I've been having some weird symptoms lately, including dizzy spells that are combined with chest pains and send me to the emergency room*, and my doctor decided to check my protein and albumin levels among other things and thinks they're scary low.  My midwife disagrees.  Doc (and his OB friend who has delivered 20,000 babies) has never seen anything like it in a pregnant woman, my midwife has.  Midwife thinks they're only slightly low and can more than likely be fixed by eating more protein, Doctor thinks there may be something seriously wrong with me.  I wonder if he knows fully what the norms are in pregnancy, since they are lower than in a non-pregnant woman.  And OH!  Did I mention that I have had SERIOUS protein aversions this pregnancy (and last) which have made it really difficult to eat protein (of any kind)?  I wonder if that could have had any impact on my blood levels!

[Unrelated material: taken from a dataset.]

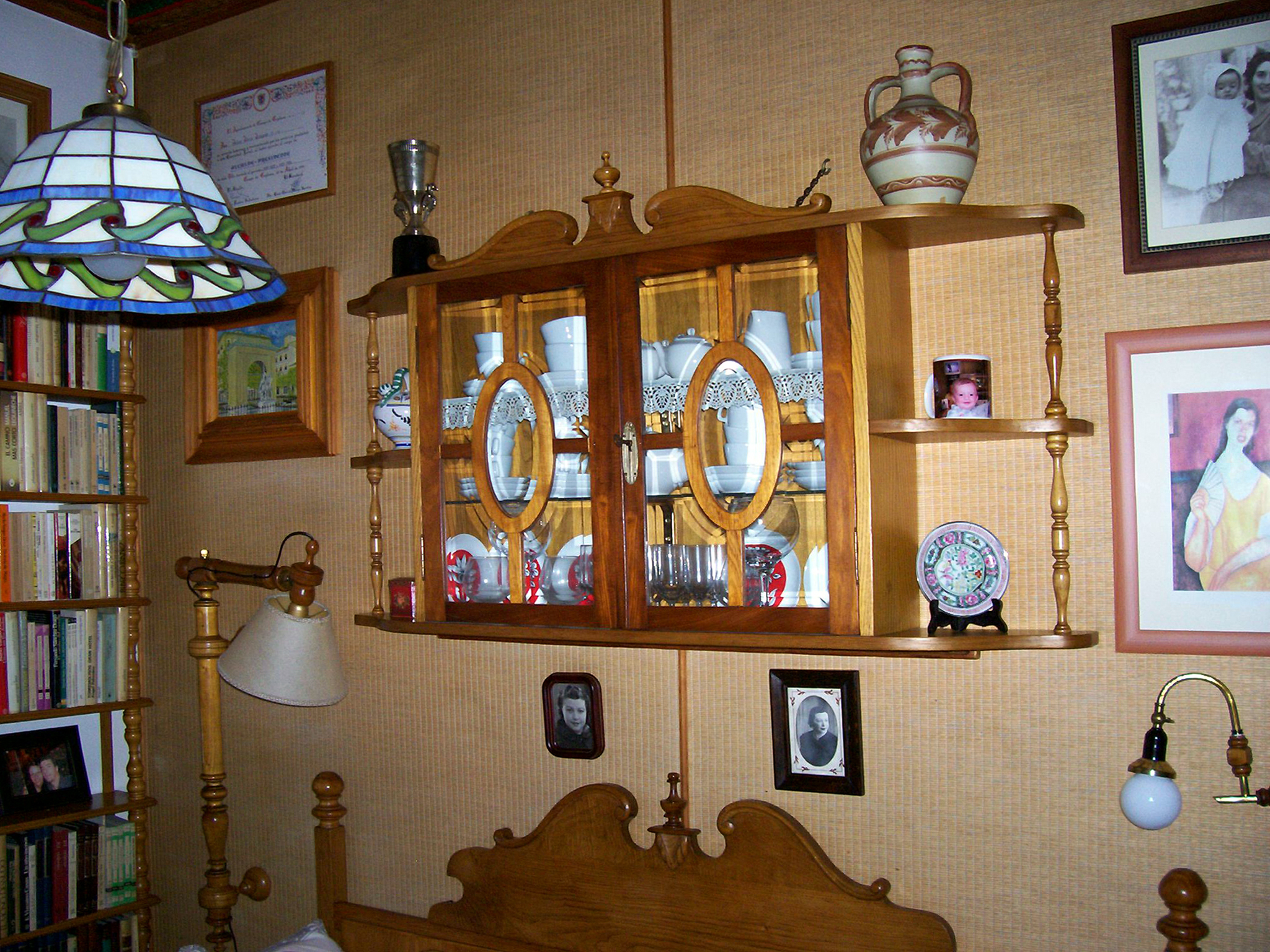 SALÓN. Detalle de la alacena de colgar. La idea surgió al encontrarme en un contenedor un aparador desvencijado. Las puertas de cristales biselados y los torneados de la lámpara fueron lo único recuperable

So, despite my own research (which suggests he's overreacting) and my midwife's feelings on it, my doctor insisted on me getting ultrasounds of some of my internal organs, and... the baby.  I fought it at first; I was terrified of these (possibly misinterpreted) labs leading him to overreact to something in the ultrasound, which could cause him to further overreact to other things and cause a chain reaction that ends with me having a high-intervention, medicalized birth in the hospital.  There are very real risks associated with hospital (and particularly c-section) births, and this is the biggest reason I'm choosing to birth at home.  And furthermore, there are scientists and doctors out there who dispute the safety of ultrasounds on babies in utero.  So I only wanted to get one if medically indicated and I wasn't sure this was the right indication.

Anyway, though I was totally terrified, I went yesterday to get my ultrasounds.  The woman performing them said they all looked normal (mine & the baby's).  My experience (with my previous pregnancy) tells me that doctors can still decide that there is something to freak out about even when everything is FULLY normal in an ultrasound (remind me to tell you the story of how my local clinic was convinced I was going to miscarry because there was no fetal pole present in a 5-week ultrasound, which is completely normal!), so I'm still uncomfortable about where this may be going.  But we did all get to see the baby.  Regin says, "Hi Baby!"  I thought I'd share some of the best images with you.

First a couple of belly shots:




And now for the baby...







I think I know the sex. I thought I saw the region in question, though I wasn't sure, then the ultrasound woman kept using a certain pronoun, though I wasn't sure if I was mishearing her. Then she clearly used the same pronoun I thought I was hearing, and after a few seconds she corrected herself and said the other 'possibility'. George of course was blissfully unaware of it all, and since he wants to be surprised, I can't share what I thought I heard. I can't talk at all about the baby's sex or what I think it might be for the next few months! AARGH! I don't know if I can keep my mouth shut that long. Stupid ultrasound lady!!


Of course, I don't know for sure... maybe she didn't even look in that area. Maybe there weren't as many slips of the tongue as I thought. Maybe she was picking generic genders just to avoid saying 'it' the whole time. Maybe... maybe... maybe...



*I should say that the emergency room doctor said he was confident that there was nothing seriously wrong with me and my symptoms can be signs of such relatively benign things like panic attacks.

2 comments:

The Massage Spot said...

glad everyone is ok!

Elisabeth said...

Thanks Abby! Send positive vibes for my visit tomorrow with my doc!